[Items from a data source]

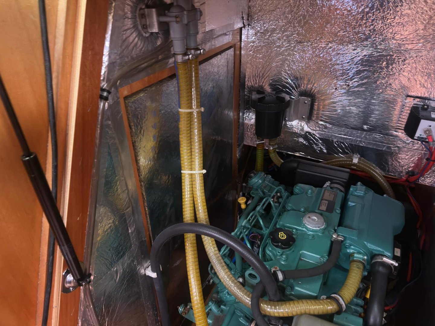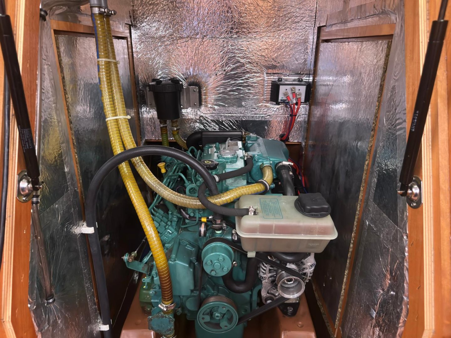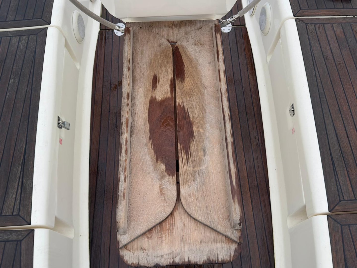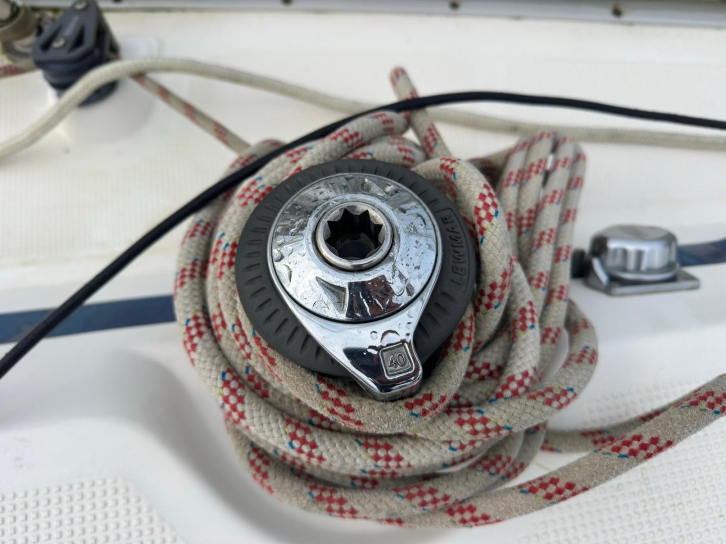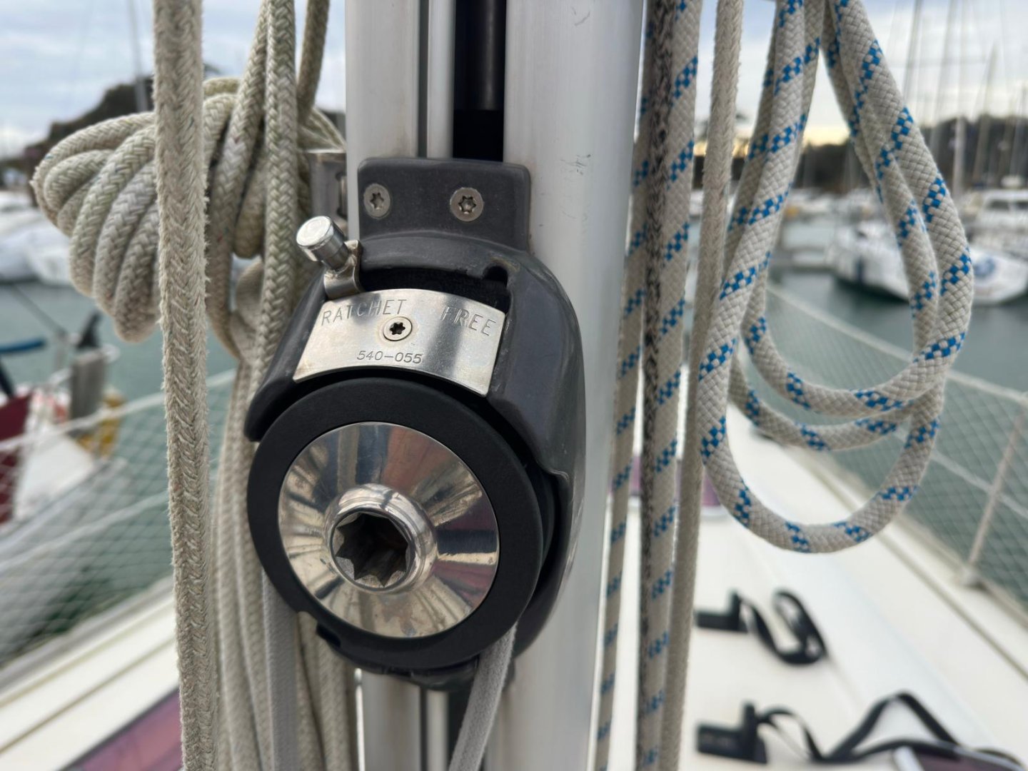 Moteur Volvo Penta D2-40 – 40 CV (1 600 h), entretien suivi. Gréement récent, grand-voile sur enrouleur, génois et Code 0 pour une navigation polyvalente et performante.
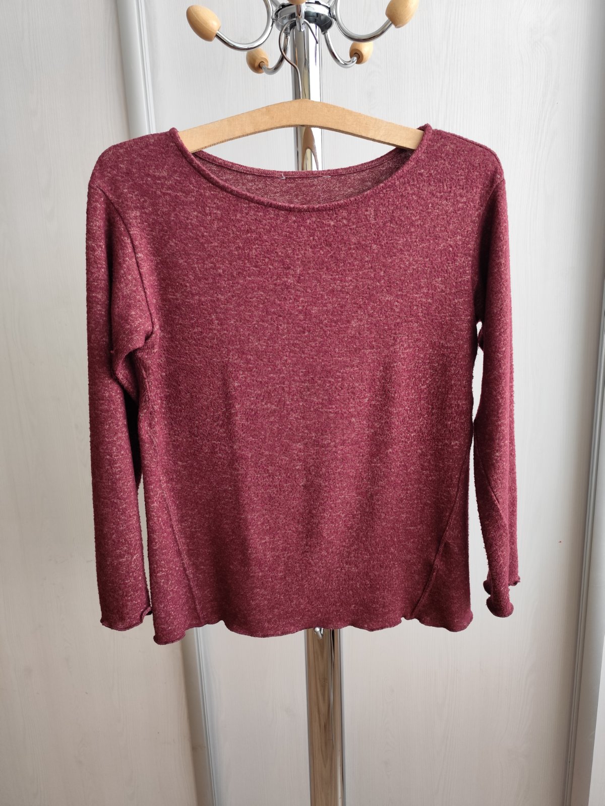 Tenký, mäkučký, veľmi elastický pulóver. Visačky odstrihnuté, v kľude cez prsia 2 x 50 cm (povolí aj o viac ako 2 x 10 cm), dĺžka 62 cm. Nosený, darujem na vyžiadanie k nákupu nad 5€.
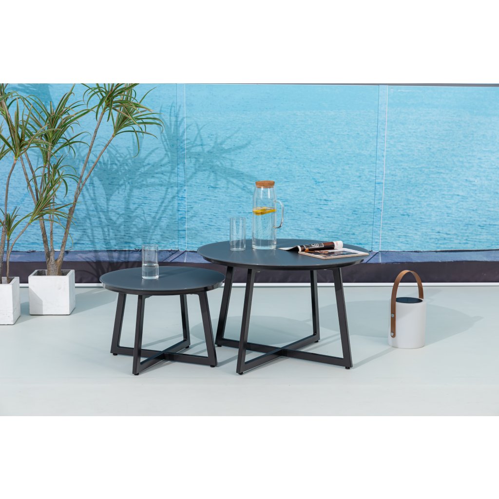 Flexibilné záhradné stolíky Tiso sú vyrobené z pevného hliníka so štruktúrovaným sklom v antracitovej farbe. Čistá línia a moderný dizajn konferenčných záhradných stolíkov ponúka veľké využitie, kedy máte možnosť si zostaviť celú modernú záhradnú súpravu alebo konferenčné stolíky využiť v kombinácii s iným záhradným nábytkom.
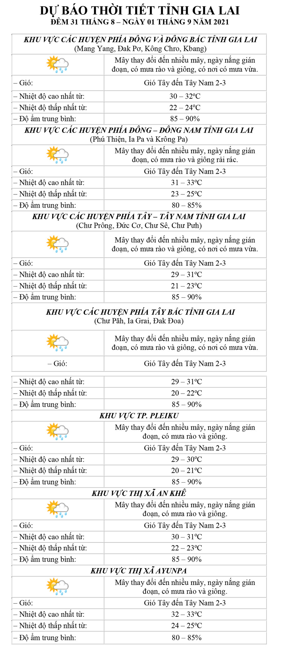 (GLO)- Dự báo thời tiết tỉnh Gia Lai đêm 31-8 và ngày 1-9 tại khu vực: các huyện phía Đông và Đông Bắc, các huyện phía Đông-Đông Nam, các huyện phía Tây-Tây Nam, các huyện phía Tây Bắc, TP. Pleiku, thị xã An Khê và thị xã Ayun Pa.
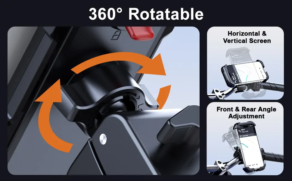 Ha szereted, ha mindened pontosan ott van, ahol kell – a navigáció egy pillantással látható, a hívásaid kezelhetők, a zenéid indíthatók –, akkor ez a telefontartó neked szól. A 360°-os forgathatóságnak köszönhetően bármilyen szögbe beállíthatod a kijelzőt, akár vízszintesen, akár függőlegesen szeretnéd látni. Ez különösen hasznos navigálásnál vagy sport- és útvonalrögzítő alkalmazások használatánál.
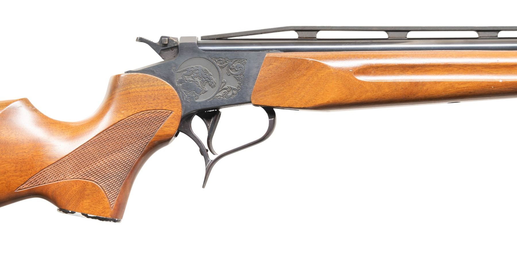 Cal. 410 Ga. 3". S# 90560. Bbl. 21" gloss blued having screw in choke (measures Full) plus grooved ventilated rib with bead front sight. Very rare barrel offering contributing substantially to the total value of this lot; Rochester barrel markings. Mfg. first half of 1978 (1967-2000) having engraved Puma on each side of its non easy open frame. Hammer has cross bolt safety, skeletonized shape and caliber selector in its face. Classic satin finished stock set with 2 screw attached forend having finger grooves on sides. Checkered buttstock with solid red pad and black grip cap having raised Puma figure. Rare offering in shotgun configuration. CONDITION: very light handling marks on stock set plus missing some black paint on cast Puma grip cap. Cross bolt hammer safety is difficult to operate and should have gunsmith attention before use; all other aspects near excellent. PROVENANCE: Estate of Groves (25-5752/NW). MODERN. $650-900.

**Assignment**
Nothing but the lines above from the line with "Flexibilné záhradné stolíky" up to and including the line with "(GLO)- Dự báo" should be returned, exactly as written and without pictures.

**Reply**
 Flexibilné záhradné stolíky Tiso sú vyrobené z pevného hliníka so štruktúrovaným sklom v antracitovej farbe. Čistá línia a moderný dizajn konferenčných záhradných stolíkov ponúka veľké využitie, kedy máte možnosť si zostaviť celú modernú záhradnú súpravu alebo konferenčné stolíky využiť v kombinácii s iným záhradným nábytkom.
 (GLO)- Dự báo thời tiết tỉnh Gia Lai đêm 31-8 và ngày 1-9 tại khu vực: các huyện phía Đông và Đông Bắc, các huyện phía Đông-Đông Nam, các huyện phía Tây-Tây Nam, các huyện phía Tây Bắc, TP. Pleiku, thị xã An Khê và thị xã Ayun Pa.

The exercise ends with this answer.